No analyst worth his or her name can doubt the terrible atrocities committed by the Tamil Tigers in the 26 year old battle to win an independent homeland for their minority community in Sri Lanka. Their campaign has included hostage taking, suicide bombings and other ruthless acts of violence to achieve their aims. Victims have included both Sir Lankan and foreign targets, including former Indian Prime Minister Rajiv Gandhi, who were seen as obstacles hindering the success of their military and political strategy. Yet none of this justifies the bloody tactics of the Sri Lankan army to finally rid the country of the Tigers. The argument of some Sri Lankan officials that the end justifies the means is questionable not least for the tens of thousands of Tamil refugees who have had to endure a living hell to protect themselves and their families in the war zone. A substantial portion of the blame rests with the Sri Lankan army's indiscriminate shelling of the last Tiger stronghold in the country's North East corner. According to one estimate at least 7,000 civilians have been killed and more than 15,000 wounded in the first five months of this year, including those who died when a mortar struck the only functioning hospital in the war zone. Those 200,000 who managed to escape the horrors of war found themselves facing appalling conditions of another kind — over crowding, few medicines and little food — when they arrived in the resettlement camps organised by Colombo.
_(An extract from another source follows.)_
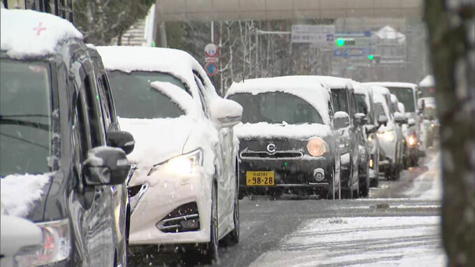 また、雪の影響で、大分道と長崎道の全線や九州道の植木インターチェンジから小倉東インターチェンジの間が通行止めとなっていて、福岡と九州各地を結ぶ高速バスも運行を見合わせています。日中の気温は5℃前後までしか上がらない見込みで、気象台は引き続き降雪や路面凍結などに注意するよう呼びかけています。

Small wonder then that international human rights groups, such as Human Rights Watch earlier highlighted what they believe could turn out to be war crimes committed by the Sri Lankan forces when they carried out indiscriminate shelling of hospitals and other medical facilities in the former war zone. The British and French foreign ministers, David Milliband and Bernard Kouchner, were more circumspect in their jointly published observations. They described the Tigers as a terrorist organisation, but went on to comment that the Sri Lankan government must show 'humanity and self interest' to win the peace. Somehow the Sri Lankan authorities still do not get it. They blame the UK, because of its colonial policies of settling the Tamils in Sri Lanka, and India, for instigating the conflict in the first instance. If Sri Lankan diplomats in Western capitals are to be believed, it was India's Mrs Indira Gandhi who had propped up Tamils to get even with Colombo, which had supported Pakistan in the 1971 India-Pakistan war.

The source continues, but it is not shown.